Top of DATA TO PROCESS

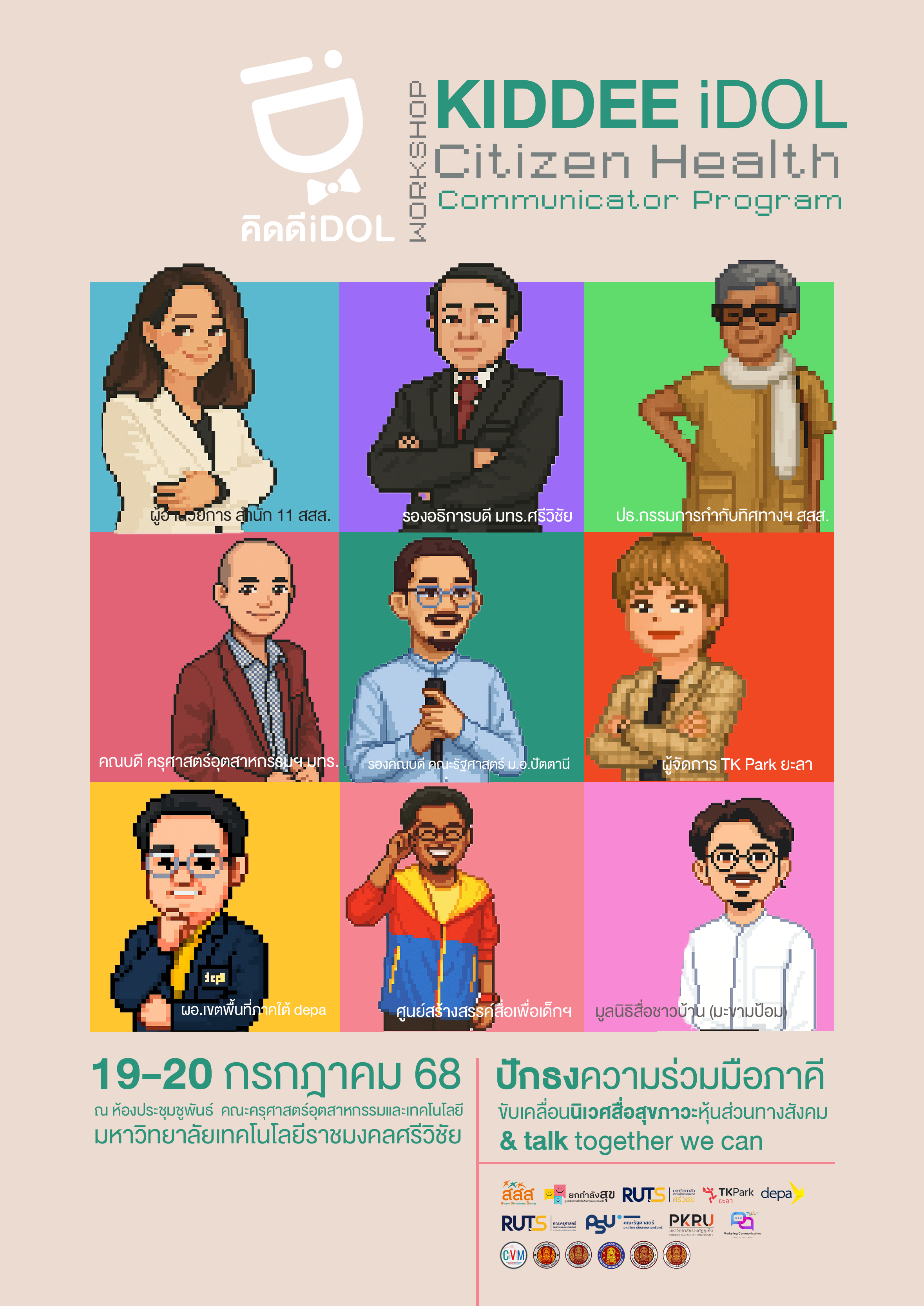สสส. โดยศูนย์สร้างสรรค์สื่อเพื่อเด็กฯ หรือสโมสรยกกำลังสุข ร่วมกับ มหาวิทยาลัยเทคโนโลยีราชมงคลศรีวิชัย และภาคี จัดเวทีปักธงและอบรมเชิงปฏิบัตการนักสื่อสารสุขภาวะ คิดดีไอดอล Citizen Health Communicator Program
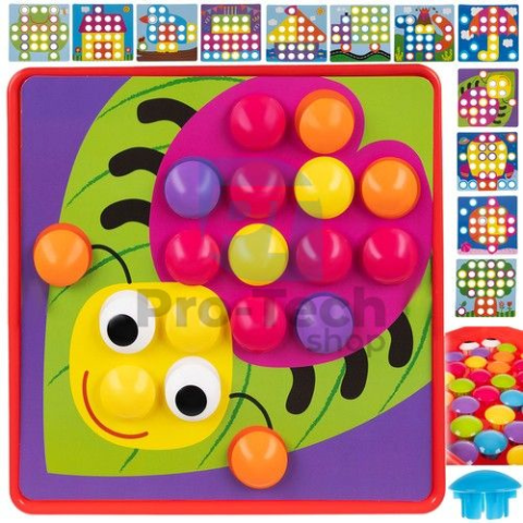 Oktató mozaik gombokkalA gombokkal ellátott oktató mozaik nagyszerű lehetőséget kínál a manuális készségek, a mozgáskoordináció és a gyerekek logikus gondolkodásának fejlesztésére. Ennek a szórakozásnak a fő része az alakzatok létrehozása színes gombokkal. A készlet mintaábrákat tartalmaz, amelyeket a gyerekek követhetnek, vagy saját formákat és mintákat készíthetnek.Az élénk és kontrasztos színek biztosan felkeltik a gyerekek figyelmét, és újra és új
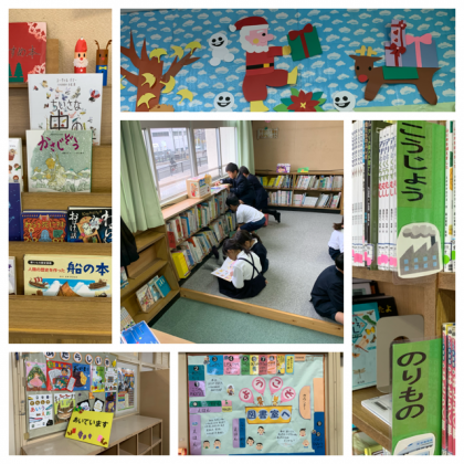 図書館は、読書ボランティアの「よむとも」さんが掲示物をたくさん作ってくださっています。子どもたちにとって、ホッと一息つける空間になっています。
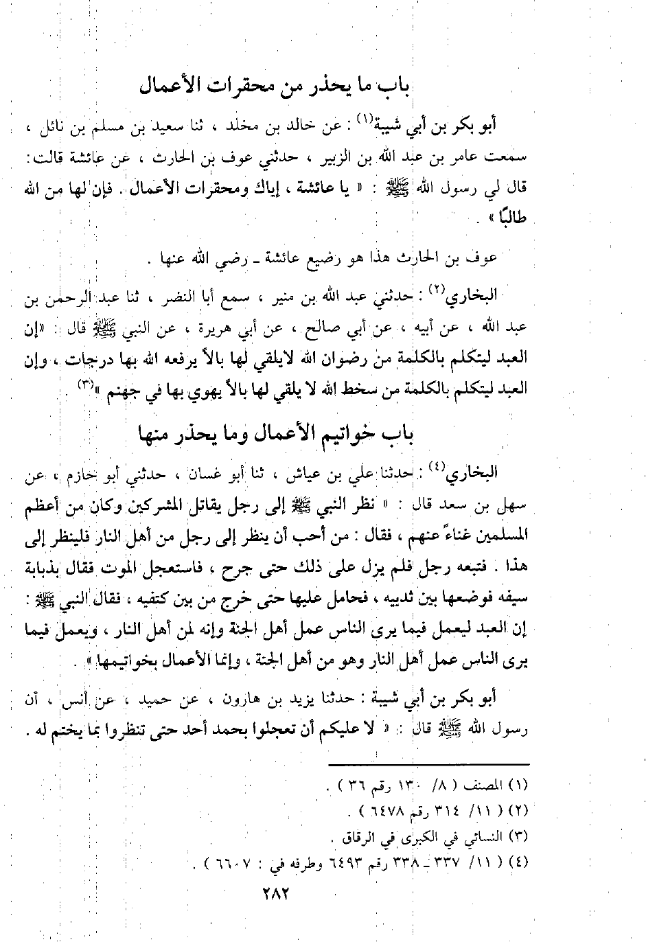 أَبُو بكر بن أبي شيبَة: عَن خَالِد بن مخلد، ثَنَا سعيد بن مُسلم بن نائل، سَمِعت عَامر بن عبد الله بن الزبير، حَدثنِي عَوْف بن الْحَارِث، عَن عَائِشَة قَالَت: قَالَ لي رَسُول الله - صَلَّى اللَّهُ عَلَيْهِ وَسَلَّم َ -: " يَا عَائِشَة، إياك ومحقرات الْأَعْمَال. فَإِن لَهَا من الله طَالبا ".
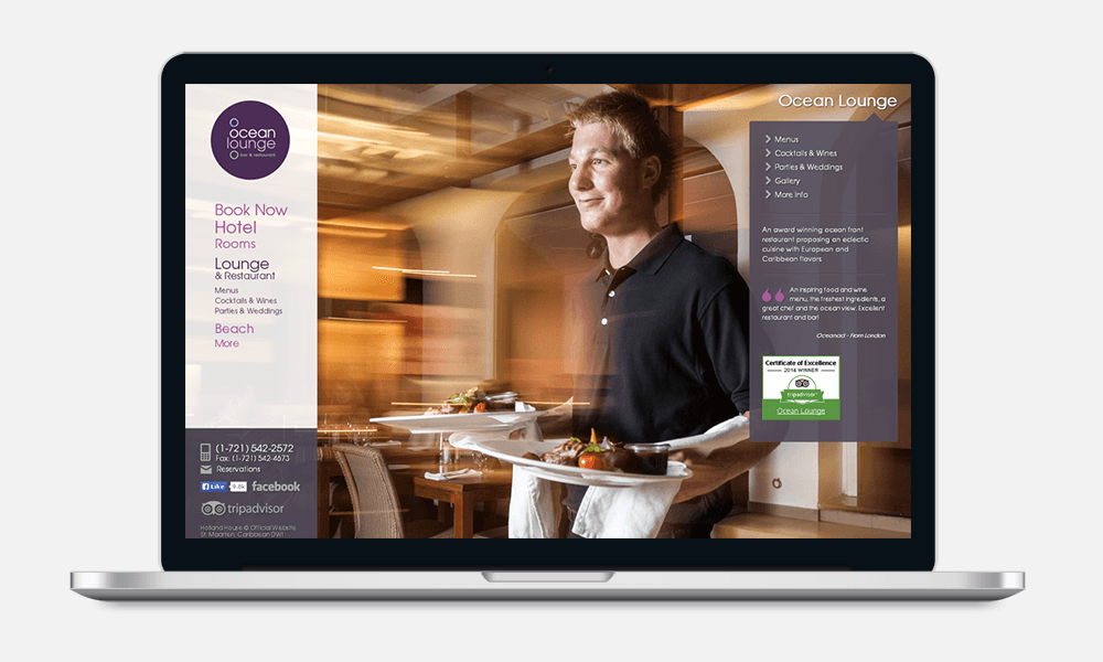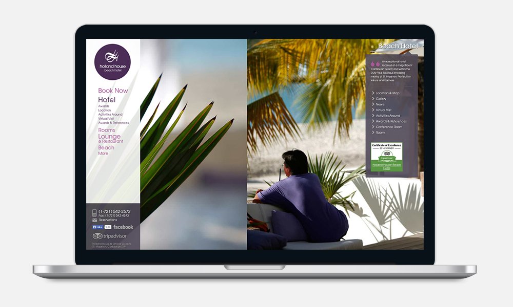 The Holland House Website features a unique full screen image gallery across all the pages. It won the admiration of several marketing blogs, and of course fullfills its mission by attracting guests, making the hotel full almost all year long!

Bottom of DATA TO PROCESS

> _PROBLEM_: Each record must appear again exactly as written above, without its pictures.

> _RESPONSE TO THIS TASK_:
สสส. โดยศูนย์สร้างสรรค์สื่อเพื่อเด็กฯ หรือสโมสรยกกำลังสุข ร่วมกับ มหาวิทยาลัยเทคโนโลยีราชมงคลศรีวิชัย และภาคี จัดเวทีปักธงและอบรมเชิงปฏิบัตการนักสื่อสารสุขภาวะ คิดดีไอดอล Citizen Health Communicator Program
 Oktató mozaik gombokkalA gombokkal ellátott oktató mozaik nagyszerű lehetőséget kínál a manuális készségek, a mozgáskoordináció és a gyerekek logikus gondolkodásának fejlesztésére. Ennek a szórakozásnak a fő része az alakzatok létrehozása színes gombokkal. A készlet mintaábrákat tartalmaz, amelyeket a gyerekek követhetnek, vagy saját formákat és mintákat készíthetnek.Az élénk és kontrasztos színek biztosan felkeltik a gyerekek figyelmét, és újra és új
 図書館は、読書ボランティアの「よむとも」さんが掲示物をたくさん作ってくださっています。子どもたちにとって、ホッと一息つける空間になっています。
 أَبُو بكر بن أبي شيبَة: عَن خَالِد بن مخلد، ثَنَا سعيد بن مُسلم بن نائل، سَمِعت عَامر بن عبد الله بن الزبير، حَدثنِي عَوْف بن الْحَارِث، عَن عَائِشَة قَالَت: قَالَ لي رَسُول الله - صَلَّى اللَّهُ عَلَيْهِ وَسَلَّم َ -: " يَا عَائِشَة، إياك ومحقرات الْأَعْمَال. فَإِن لَهَا من الله طَالبا ".
 The Holland House Website features a unique full screen image gallery across all the pages. It won the admiration of several marketing blogs, and of course fullfills its mission by attracting guests, making the hotel full almost all year long!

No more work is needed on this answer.